Recommendation: Continue this pattern for new creation/modification operations.


Cluster 3: Helper Functions ✅

Pattern: *_helper* or *_helpers files
Files: 6 dedicated helper files
Organization: Good ✅

Helper Files:

  1. config_helpers.go - Configuration parsing helpers
  2. engine_helpers.go - Engine setup and rendering helpers
  3. gh_helper.go - GitHub CLI interaction helpers
  4. map_helpers.go - Map/dictionary utilities
  5. prompt_step_helper.go - Prompt step generation helpers
  6. safe_outputs_env_helpers.go - Safe outputs environment helpers

Analysis:
✅ Helper functions are consolidated into topic-specific files
✅ Each helper file serves a clear domain
✅ Better than scattering helpers across many files

Recommendation: Continue consolidating related helper functions.


Cluster 4: Engine Files ✅

Pattern: *_engine.go files
Files: 5 engine files
Organization: Excellent ✅

Engine Files:

  1. agentic_engine.go - Base agentic engine
  2. claude_engine.go - Claude-specific engine
  3. codex_engine.go - Codex-specific engine
  4. copilot_engine.go - Copilot-specific engine
  5. custom_engine.go - Custom engine support
  6. engine.go - Engine interface and utilities

Analysis:
✅ Each AI engine has its own dedicated file
✅ Common functionality extracted to engine.go
✅ Clear separation of concerns

Recommendation: Continue this pattern for any new engines.

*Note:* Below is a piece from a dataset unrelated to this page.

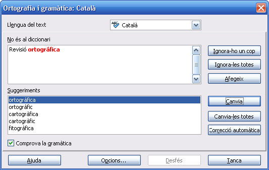 - Accepta o rebutja… permet decidir, per a cada canvi, si s’incorpora o no al document original.
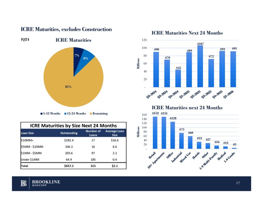 ICRE Repricing, excludes Construction and Swapped/Floating Rate Loans ICRE Repricing Next 24 Months Average Loan Size Number of Loans Outstanding Loan Size $13.6 1 $13.6 $10MM+ 5.8 5 28.9 $5MM - $10MM 2.3 86 195.1 $1MM - $5MM 0.4 135 54.9 Under $1MM $1.3 227 $292.5 Total 3% 3% 93% ICRE Repricing 1 - 12 Months 12 - 24 Months Remaining ICRE $48 $36 $37 $26 $42 $20 $37 $48 - 60 50 40 30 20 10 Millions ICRE Repricing Next 24 Months $66 $47 $28 $27 $25 $14 $5 $4 $1 ICRE Repricing Next 24 Months $74 80 70 60 50 40 30 20 10 0 Millions 20 1Q24

Cluster 5: Extraction Functions

Pattern: extract* or Extract* functions
Files: Multiple files with extraction logic
Organization: Acceptable ⚠️

Key Files:

  1. frontmatter_extraction.go - Extracts frontmatter fields (20 extract methods)
  2. secret_extraction.go - Extracts secrets from values
  3. package_extraction.go - Extracts package names
  4. expression_extraction.go - Extracts expressions
  5. config_helpers.go - Extract config values

Analysis:
✅ Extraction functions grouped by domain (frontmatter, secrets, packages)
⚠️ Some overlap in config value extraction between files

Recommendation:

  • Current organization is acceptable
  • Consider whether config_helpers.go extraction functions could be more clearly separated

Cluster 6: Parsing Functions

Pattern: parse* or Parse* functions
Files: Spread across parser and workflow packages
Organization: Good ✅

Key Patterns:

  • pkg/parser/frontmatter.go - Parse frontmatter from markdown
  • pkg/parser/github_urls.go - Parse GitHub URLs
  • pkg/workflow/compiler.go - ParseWorkflowFile(), parseOnSection()
  • pkg/workflow/expressions.go - Expression parsing
  • pkg/workflow/time_delta.go - Time delta parsing
  • Various parse*Config() methods co-located with their features

Analysis:
✅ Parser package handles generic parsing
✅ Workflow-specific parsing is in workflow package
✅ Config parsing co-located with features

Recommendation: Continue this separation pattern.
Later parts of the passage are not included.